Directions for the data below: repeat exactly the lines from the one with "Original funda para" through the one with "March 7, 2018 calendar", both included, and omit all pictures.

■ **INPUT**:
....

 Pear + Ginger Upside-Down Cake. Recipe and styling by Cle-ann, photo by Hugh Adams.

....

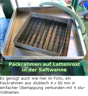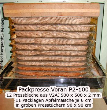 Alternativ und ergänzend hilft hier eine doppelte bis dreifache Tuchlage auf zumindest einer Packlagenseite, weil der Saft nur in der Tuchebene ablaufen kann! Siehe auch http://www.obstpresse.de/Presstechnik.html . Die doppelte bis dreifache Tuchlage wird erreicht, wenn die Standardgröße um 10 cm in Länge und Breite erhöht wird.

....

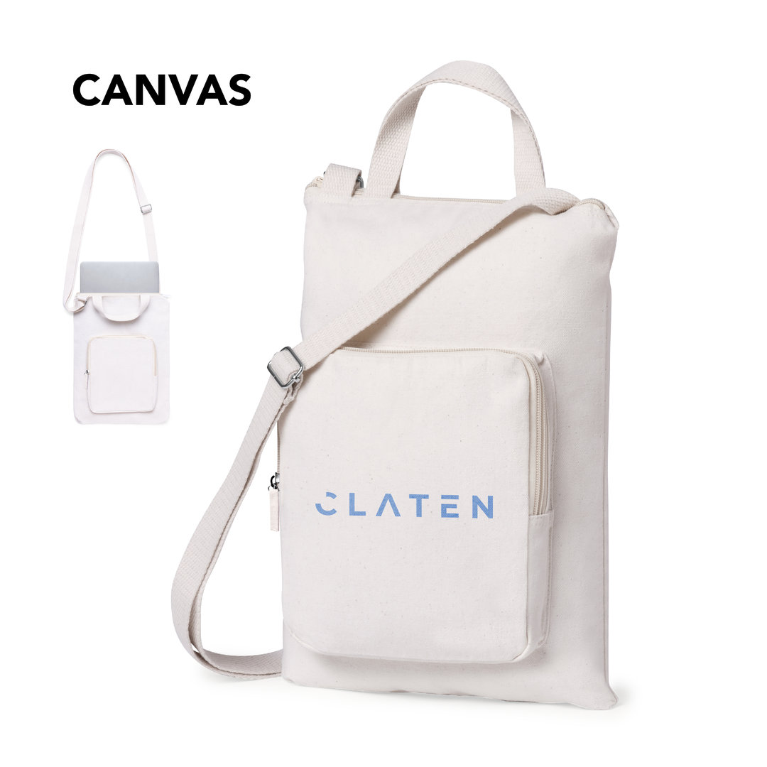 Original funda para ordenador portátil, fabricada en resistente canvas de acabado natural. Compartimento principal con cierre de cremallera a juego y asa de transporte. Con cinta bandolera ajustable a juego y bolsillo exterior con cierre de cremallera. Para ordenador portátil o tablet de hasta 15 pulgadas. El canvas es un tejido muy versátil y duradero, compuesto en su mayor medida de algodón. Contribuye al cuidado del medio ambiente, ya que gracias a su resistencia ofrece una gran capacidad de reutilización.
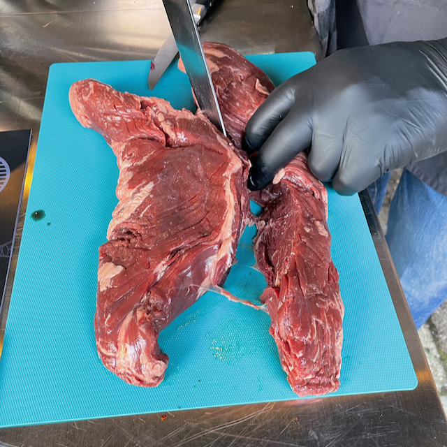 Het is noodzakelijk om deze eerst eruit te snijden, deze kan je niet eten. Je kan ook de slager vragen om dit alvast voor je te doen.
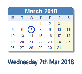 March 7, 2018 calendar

....

■ **TASK OUTPUT**:
 Original funda para ordenador portátil, fabricada en resistente canvas de acabado natural. Compartimento principal con cierre de cremallera a juego y asa de transporte. Con cinta bandolera ajustable a juego y bolsillo exterior con cierre de cremallera. Para ordenador portátil o tablet de hasta 15 pulgadas. El canvas es un tejido muy versátil y duradero, compuesto en su mayor medida de algodón. Contribuye al cuidado del medio ambiente, ya que gracias a su resistencia ofrece una gran capacidad de reutilización.
 Het is noodzakelijk om deze eerst eruit te snijden, deze kan je niet eten. Je kan ook de slager vragen om dit alvast voor je te doen.
 March 7, 2018 calendar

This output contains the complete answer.